This repository contains two Python scripts that demonstrate how to generate embeddings using the DistilBERT model and process documents in a MongoDB database. The goal is to embed text data and perform vector searches to retrieve relevant documents.
-
main.py:
- Connects to MongoDB asynchronously.
- Uses the DistilBERT model to generate embeddings for documents and stores them back in MongoDB.
- Processes documents in batches and updates the embeddings field in the database.
-
search.py:
- Retrieves documents from MongoDB by performing vector search based on embeddings generated from the DistilBERT model.
- Utilizes MongoDB's
$vectorSearch
aggregation to find similar documents based on the query text.
We have used Wikidata, an open-source dataset, as the source of the documents for generating embeddings and performing vector search. You can download the dataset from the following link:
Wikidata is a large dataset with rich textual descriptions, making it ideal for embedding and searching tasks. Make sure to preprocess the dataset as per your requirements before loading it into MongoDB.
When generating embeddings using a NVIDIA RTX 3090 GPU, this process can handle approximately 10,000 documents every 12 seconds. This performance benchmark provides a general guideline for estimating the time needed to process larger datasets depending on your hardware capabilities.
-
Clone the repository:
git clone https://github.com/sethigoldy/text_embedding_processor_mongodb_vector_python.git
-
Navigate to the project directory:
cd text_embedding_processor_mongodb_vector_python
-
Install the required Python packages:
pip install -r requirements.txt
This script connects to MongoDB, processes documents, and generates embeddings using DistilBERT. It stores the embeddings back in the MongoDB collection.
Run the script:
python main.py
Make sure to replace the MongoDB connection URI, database, and collection names as needed.

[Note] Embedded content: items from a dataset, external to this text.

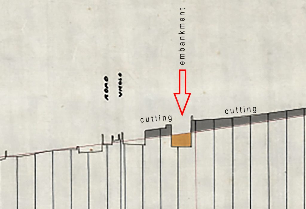 It’s difficult to work out whether it incorporated a bridge, but it must have added a little drama to the journey. Passengers at first first dropped beneath the level of the surrounding fields before launching over the high causeway and then back into the confines of another cutting.
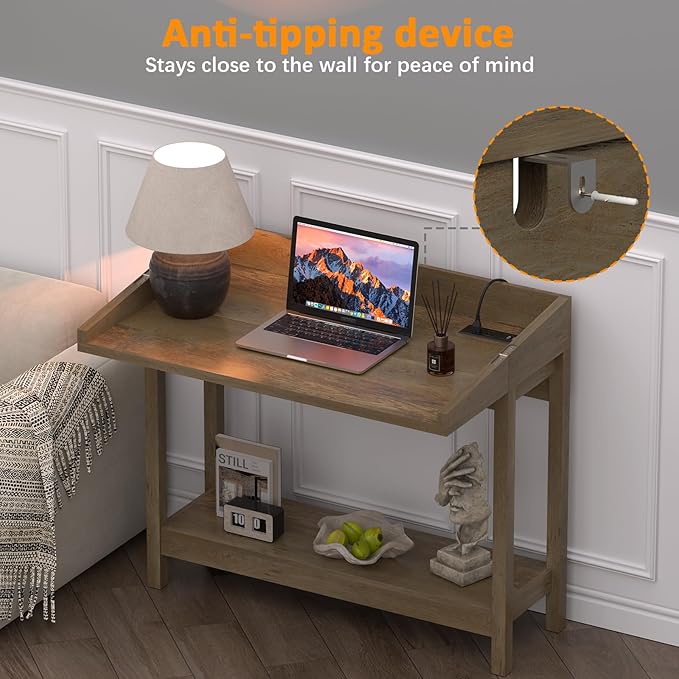Foldable 38" Console Table with Charging Station & Storage, Side Table with Charging, Entryway Table with Anti-Tip Design,Rustic,Rustic Brown
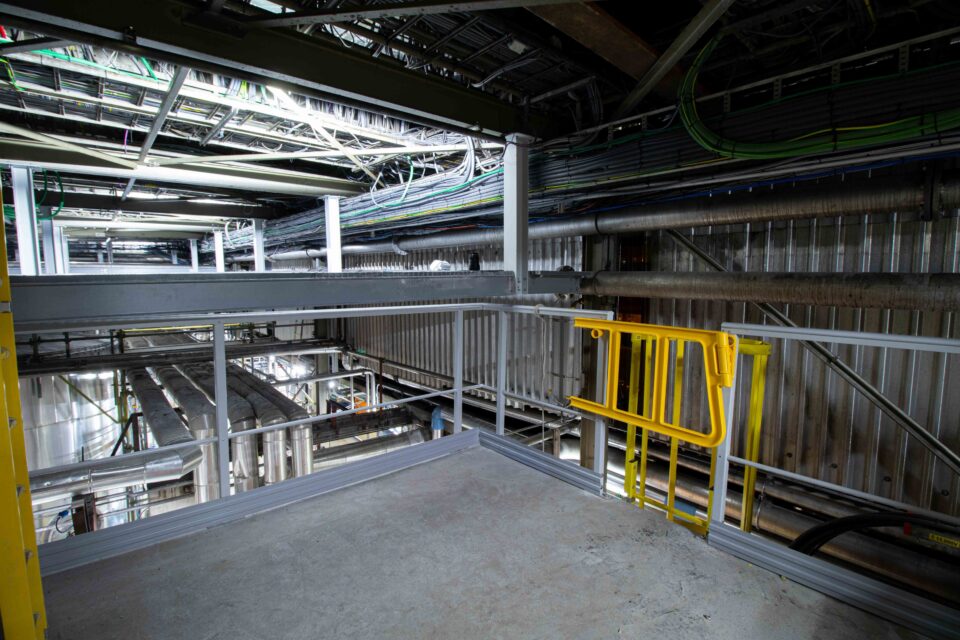- Onze CGK'ers plaatsten een definitieve constructie met GVK-profielen waarop de nieuwe vloer met GVK-roosters werd gemonteerd.
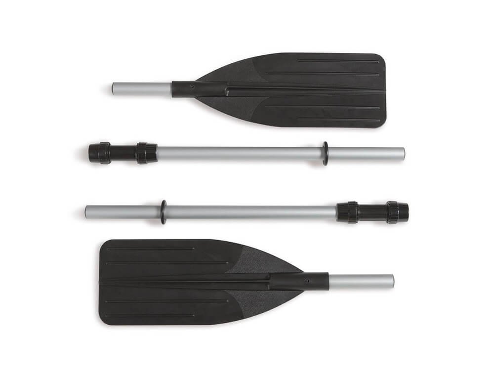 Περιλαμβάνονται επίσης δύο κουπιά αλουμινίου 122cm και μια αντλία υψηλής απόδοσης Intex για εύκολο φούσκωμα και ξεφούσκωμα.

This script performs a vector search based on a query string using the generated embeddings and retrieves similar documents from the MongoDB collection.
Run the script:
python search.py
Again, replace the MongoDB connection URI, database, and collection names as needed.
-
Ensure you have a MongoDB collection that stores your documents with the following structure:
{ "_id": ObjectId, "description": { "en": { "value": "document description" } }, "labels": { "en": { "value": "document labels" } }, "type": "document type", "embedding": [ ... ] // Generated embeddings will be stored here }
-
You should also create a vector index on the
embedding
field for efficient vector search.
- Python 3.8 or higher
- MongoDB
- CUDA-enabled GPU (for faster processing, but not required)
torch
: PyTorch framework used for handling the DistilBERT model and GPU acceleration.transformers
: Library for loading the pre-trained DistilBERT model and tokenizer.motor
: Asynchronous MongoDB client formain.py
.pymongo
: MongoDB client used insearch.py
.
This project is licensed under the MIT License. See the LICENSE file for details.